"You can click, but you can't hide" says the Motion Picture Association of America in the Big Brother-style warning message they posted on LokiTorrent.com after gaining control over it in a lawsuit settlement two weeks ago. "This website has been permanently shut down by court order because it facilitates the illegal downloading of copyrighted motion pictures."
Unlike the music industry, which stood by doe-eyed and slack-jawed while a massive consumer backlash/free-for-all through Peer-to-Peer file-sharing systems led by Napster forced a reinvention of their business fundamentals, the television and movie industries are not sitting idly by, waiting for a similar impact from BitTorrent. They are, quite literally, kicking ass and taking names.
LokiTorrent.com used to be a popular BitTorrent hub where file-traders seeking software, music, movies, television shows and other content could find, share and exchange "torrent" links. According to a recent for-sale ad posted to Sedo.com (a website and domain name marketplace), the site had 680,000 registered active members. The full list, including inactive members, probably has around 2 million names on it.
As part of his settlement with the MPAA, LokiTorrent.com owner Edward Webber agreed to provide the MPAA with copies of all logs and server data related to his "illegal BitTorrent activities, which will provide a roadmap to others who have used LokiTorrent to engage in illegal activities," the MPAA said in a statement.
If you were a registered user, expect some unfriendly, moralistic e-mail from the MPAA sometime soon. Whether it will be anything more than that remains to be seen. While the MPAA has been militant in shutting down BitTorrent server operators - it cooperated with Interpol and Finnish police on a raid of a popular Finnish site - it has yet to target individual users.
So what's the big deal with BitTorrent?
BitTorrent was created by late-20s computer programmer Bram Cohen when he thought he could build a better file-swapping system. He was right about that, but the effects of what he's built are only starting to become known.
Unlike Napster, which allowed users to share entire files, BitTorrent breaks a file into fragments that get distributed individually, not necessarily in order, and then reassembled on a downloader's computer. This method allows a machine to take advantage of the best connections to the missing pieces while providing an upload connection to the fragments it already has.
This system has proven particularly proficient in trading large files such as high-quality videos (i.e., copied DVDs or recorded television shows) and software source code (i.e. Linux distributions). In traditional downloading, high consumer demand leads to bandwidth bottlenecks on host servers. With BitTorrent, high demand can actually speed through-put, as more bandwidth and fragments of the completed file become available.
My friend Susan doesn't care what the macroscopic global implications of this new technology may be. Her only thought is of how absolutely cool it is that she can get episodes of Desperate Housewives and Arrested Development online whenever she misses them. And she laughed when I invited her to see the movie Sideways with me a few weeks ago. She'd already seen it via a torrent.

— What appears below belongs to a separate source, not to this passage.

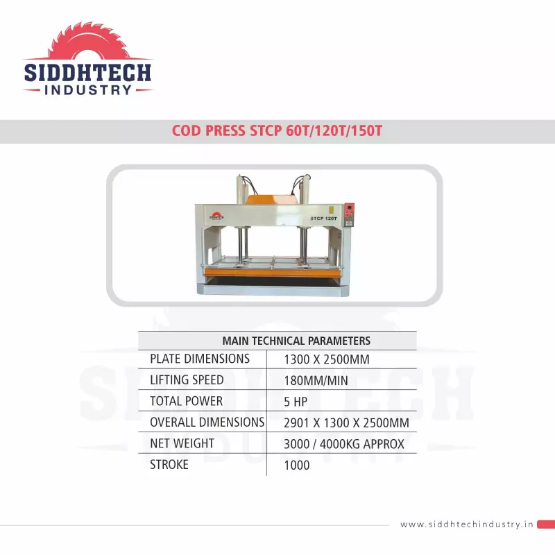 In order to meet the diverse requirements of industrial clients, we manufacture Cold Press 120 Ton machines used in plywood and panel processing work. This Cold Press 120 Ton machine is made available to industrial users within the committed delivery period. This equipment is widely required in furniture manufacturing units and board pressing operations. Moreover, this Cold Press machine is known for stable pressing structure and mechanical assembly. The entire machine range is manufactured according to defined fabrication procedures of this industrial domain.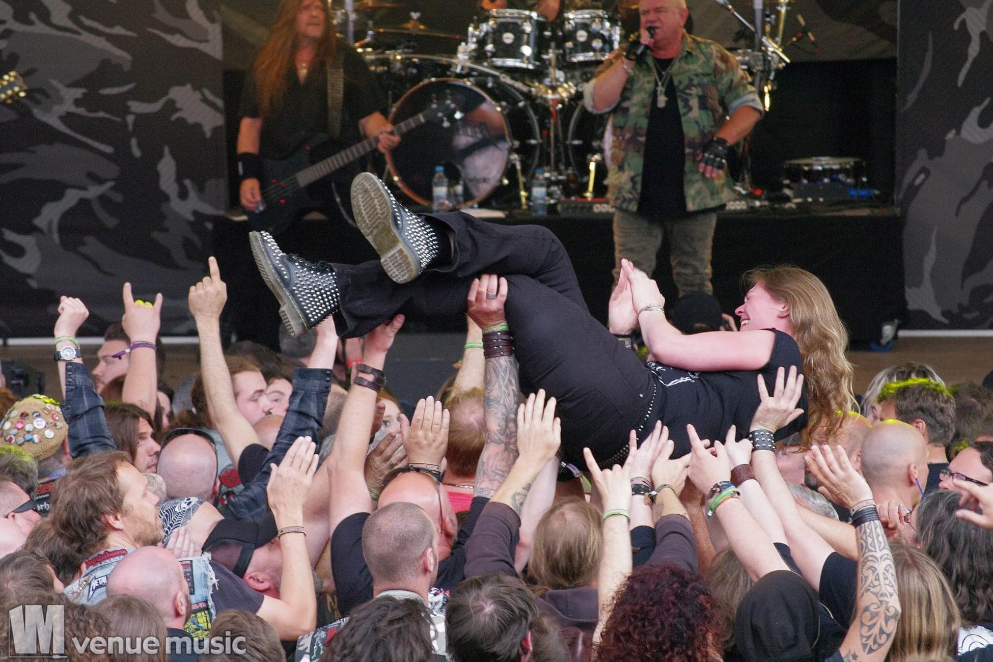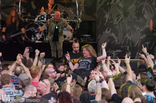 Als letzte Bands des Abends legten zunächst Dirkschneider einen grandiosen Auftritt mit ihrer „Farewell To Accept“-Show hin, der viele viele Konzertbesucher zum Crowdsurfen animierte – und endlich bekam die Security im Graben mal ein bisschen Arbeit ;)

Every day, within hours of their broadcast, TV shows are made available as torrents. Sometimes this occurs after their East Coast broadcast and before they air on the West Coast. There are HD and RD versions, and they're easy to find. So easy, in fact, that audiences in the UK and Australia, who normally receive North American shows months after they're broadcast here, are in the habit of getting them online.
Many shows posted as torrents are recorded without commercials, and when the ads are left in, they wind up showing in front of the wrong demographics. Why would someone advertising a national Canadian brand on CTV care about having the commercial seen in Sydney, Australia?
When the show is finally aired in Sydney, viewership will be down because many Aussies will already have seen it. With smaller audiences, the networks have lower ratings and are forced to lower their advertising rates, which leaves them less money to invest in programming, which reduces the quality of the content, which in turn further reduces demand, thus shrinking audience size.
The MPAA is scared to death of BitTorrent, and rightfully so. They don't want to let anyone but their own principals make decisions about restructuring their business, so they are bringing all guns to bear. It has even lobbied the U.S. Federal Communications Commission to mandate that all new consumer electronics equipment capable of receiving over-the-air digital signals - from digital televisions to computers equipped with TV tuner cards - include technology that recognizes a broadcast flag that is essentially a DRM (digital rights management) system for television signals. Expect to hear lots of howling about this from south of the border, as the tentative start date for this is July 1.
The MPAA's scared many people with the message they posted to LokiTorrent.com: "Illegally downloading movies from sites such as these without proper authorization violates the law, is theft, and is not anonymous. Stealing movies leaves a trail. The only way not to get caught is to stop."
BitTorrent was never designed to provide anonymity to its users. It WILL leave a trail. If you would appreciate being able to walk with a lighter footprint, check out The Free Network Project.